All Chemicals were purchased from Sigma (St.Louis, MO, USA), Merck (Darmstadt, Germany) and Pars Tech Rokh (Mashhad, Iran), unless otherwise indicated.


Animal and semen collection

Semen samples were collected from 5 healthy mature Ghezel rams (3 and 4 years of age) using artificial vagina twice a week (totally twenty samples for experiment) then pooled to avoid an individual variations during experiment and transported at 34 ˚C to the laboratory for initial assessments. Samples were accepted for adding the antioxidant if the following parameters were observed: volume (0.75-2 mL), concentration (greater than 3×109 sperm/mL), motility (˃70%) and abnormal sperm (<10%). A tris-based extender was used as the freezing extender (Tris 297.58 mM, citric acid 96.32 mM, fructose 82.66 mM, lecithin 1%, glycerol 7% (v/v), pH 6.8). Experimental treatments included four group with 1) ellagic acid 0.25 mM, 2) Co-Q10 0.5 μM, 3) ellagic acid 0.25 mM + Co-Q10 0.5 μM and 4) a group without antioxidant considering as control group. The samples were placed in the refrigerator for two hours to reach at temperature of 4 ˚C and then loaded into 0.25 mL straws (IMV, L’Aigle, France). The samples were placed 4 cm above liquid nitrogen for 7 minutes and then plunged into liquid nitrogen and stored until thawing.
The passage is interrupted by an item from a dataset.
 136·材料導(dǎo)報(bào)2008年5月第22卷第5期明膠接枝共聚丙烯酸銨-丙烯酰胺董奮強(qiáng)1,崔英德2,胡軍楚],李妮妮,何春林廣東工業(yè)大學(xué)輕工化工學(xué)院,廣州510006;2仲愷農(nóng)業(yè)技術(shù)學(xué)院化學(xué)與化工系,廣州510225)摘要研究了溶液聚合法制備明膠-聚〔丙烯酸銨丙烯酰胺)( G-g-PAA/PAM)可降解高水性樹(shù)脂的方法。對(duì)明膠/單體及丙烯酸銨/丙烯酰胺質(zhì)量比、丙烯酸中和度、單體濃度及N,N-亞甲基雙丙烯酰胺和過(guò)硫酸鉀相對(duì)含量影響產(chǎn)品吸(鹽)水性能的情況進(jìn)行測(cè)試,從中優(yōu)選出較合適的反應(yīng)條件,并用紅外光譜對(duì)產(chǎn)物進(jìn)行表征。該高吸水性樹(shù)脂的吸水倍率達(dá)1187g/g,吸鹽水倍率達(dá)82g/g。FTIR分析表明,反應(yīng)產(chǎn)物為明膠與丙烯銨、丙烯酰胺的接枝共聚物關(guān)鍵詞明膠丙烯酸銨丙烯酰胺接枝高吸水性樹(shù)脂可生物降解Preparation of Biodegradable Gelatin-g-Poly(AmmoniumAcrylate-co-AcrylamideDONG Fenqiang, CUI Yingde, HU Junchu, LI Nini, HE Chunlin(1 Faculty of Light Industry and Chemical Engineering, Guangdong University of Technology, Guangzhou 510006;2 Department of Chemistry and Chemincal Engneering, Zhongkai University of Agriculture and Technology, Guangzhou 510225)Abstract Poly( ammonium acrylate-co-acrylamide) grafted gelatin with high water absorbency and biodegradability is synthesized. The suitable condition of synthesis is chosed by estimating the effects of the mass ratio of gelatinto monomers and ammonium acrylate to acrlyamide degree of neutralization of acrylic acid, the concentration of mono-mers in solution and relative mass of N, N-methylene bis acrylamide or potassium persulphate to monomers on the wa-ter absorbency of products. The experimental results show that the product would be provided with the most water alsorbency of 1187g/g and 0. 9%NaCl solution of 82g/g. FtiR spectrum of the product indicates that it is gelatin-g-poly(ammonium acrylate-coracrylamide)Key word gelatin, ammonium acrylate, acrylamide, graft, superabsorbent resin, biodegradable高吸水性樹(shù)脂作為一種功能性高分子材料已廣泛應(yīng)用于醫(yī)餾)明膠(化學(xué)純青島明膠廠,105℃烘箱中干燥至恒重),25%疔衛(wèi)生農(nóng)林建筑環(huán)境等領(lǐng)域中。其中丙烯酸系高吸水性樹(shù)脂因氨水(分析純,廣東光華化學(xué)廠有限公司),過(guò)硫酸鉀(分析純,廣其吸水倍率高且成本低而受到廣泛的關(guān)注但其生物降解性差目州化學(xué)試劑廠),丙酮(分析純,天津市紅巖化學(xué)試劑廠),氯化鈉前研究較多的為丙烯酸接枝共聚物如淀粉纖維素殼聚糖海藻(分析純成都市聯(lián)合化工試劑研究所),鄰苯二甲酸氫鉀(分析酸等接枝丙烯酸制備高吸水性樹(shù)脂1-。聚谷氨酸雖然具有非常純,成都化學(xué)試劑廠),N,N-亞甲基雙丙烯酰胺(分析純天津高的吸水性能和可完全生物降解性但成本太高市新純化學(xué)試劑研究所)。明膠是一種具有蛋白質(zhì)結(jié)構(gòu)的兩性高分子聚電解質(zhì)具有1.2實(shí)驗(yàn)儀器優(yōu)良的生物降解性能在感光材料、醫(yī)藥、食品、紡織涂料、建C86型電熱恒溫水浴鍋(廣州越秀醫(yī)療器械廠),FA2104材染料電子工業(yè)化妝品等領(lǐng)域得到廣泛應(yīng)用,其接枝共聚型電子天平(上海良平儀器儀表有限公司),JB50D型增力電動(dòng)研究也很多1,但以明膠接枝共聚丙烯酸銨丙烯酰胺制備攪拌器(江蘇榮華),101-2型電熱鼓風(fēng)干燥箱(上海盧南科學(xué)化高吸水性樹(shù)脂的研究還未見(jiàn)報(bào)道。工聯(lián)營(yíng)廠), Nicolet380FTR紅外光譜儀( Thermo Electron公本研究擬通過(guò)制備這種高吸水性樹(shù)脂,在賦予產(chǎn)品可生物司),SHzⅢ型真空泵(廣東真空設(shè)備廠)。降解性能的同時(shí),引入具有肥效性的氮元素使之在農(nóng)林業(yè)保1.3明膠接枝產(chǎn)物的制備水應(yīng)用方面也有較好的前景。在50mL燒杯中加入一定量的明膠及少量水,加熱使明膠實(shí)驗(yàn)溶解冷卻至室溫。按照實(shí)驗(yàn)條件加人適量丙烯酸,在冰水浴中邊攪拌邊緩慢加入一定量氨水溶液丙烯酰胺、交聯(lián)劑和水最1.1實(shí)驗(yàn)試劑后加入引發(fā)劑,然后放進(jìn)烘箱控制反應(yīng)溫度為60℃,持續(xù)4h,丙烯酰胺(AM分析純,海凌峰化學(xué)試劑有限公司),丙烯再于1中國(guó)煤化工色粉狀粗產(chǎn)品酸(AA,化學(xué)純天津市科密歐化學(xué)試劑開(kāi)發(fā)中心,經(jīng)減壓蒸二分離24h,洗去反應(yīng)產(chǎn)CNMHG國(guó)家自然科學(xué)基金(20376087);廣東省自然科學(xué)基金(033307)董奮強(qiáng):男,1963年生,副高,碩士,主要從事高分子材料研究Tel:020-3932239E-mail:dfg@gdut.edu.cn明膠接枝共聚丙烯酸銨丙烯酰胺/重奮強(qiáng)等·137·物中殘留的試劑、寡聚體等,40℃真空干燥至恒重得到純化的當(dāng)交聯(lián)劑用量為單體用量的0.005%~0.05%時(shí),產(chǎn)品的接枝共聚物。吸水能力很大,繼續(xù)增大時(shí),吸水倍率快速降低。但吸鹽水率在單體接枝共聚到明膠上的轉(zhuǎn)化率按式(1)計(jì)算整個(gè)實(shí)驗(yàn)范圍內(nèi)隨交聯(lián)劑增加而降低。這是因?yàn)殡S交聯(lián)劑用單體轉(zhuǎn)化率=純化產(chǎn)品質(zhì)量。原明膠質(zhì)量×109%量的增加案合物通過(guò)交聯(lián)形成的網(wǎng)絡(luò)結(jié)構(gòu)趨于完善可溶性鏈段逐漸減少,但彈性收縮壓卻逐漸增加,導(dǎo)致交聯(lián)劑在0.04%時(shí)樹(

For sperm evaluation, the straws were thawed individually at 37 ˚C for 30 seconds.


Sperm viability

For assessment of live sperm we used eosin-nigrosin staining. After freeze-thawing, 10 μL of the semen sample with 10 μL stain was mixed on a slide and for drying, the slides were held at 37 ˚C. Two hundred sperm were evaluated by microscope at magnification of × 1000. Sperm displaying unstained heads were considered viable, and sperm with stained or partially stained heads were counted as dead sperm (Najafi et al. 2014b).


Plasma membrane integrity

The hypo-osmotic swelling test (HOST) was used to assess integrity of plasma membrane. Fifty μL of the semen sample was mixed with 500 μL hypo-osmotic solution (100 mOsmol kg-¹) in water bath37 ˚C for 30 minutes. Five μL of the sample was put on a slide and mounted with a coverslip. The phase contrast microscope slides were placed on a heating pad. Two hundred sperm were counted at 400 × magnification and the sperm with swollen tail and spun were considered as sperm with intact plasma membrane (Jeyendran et al. 1984).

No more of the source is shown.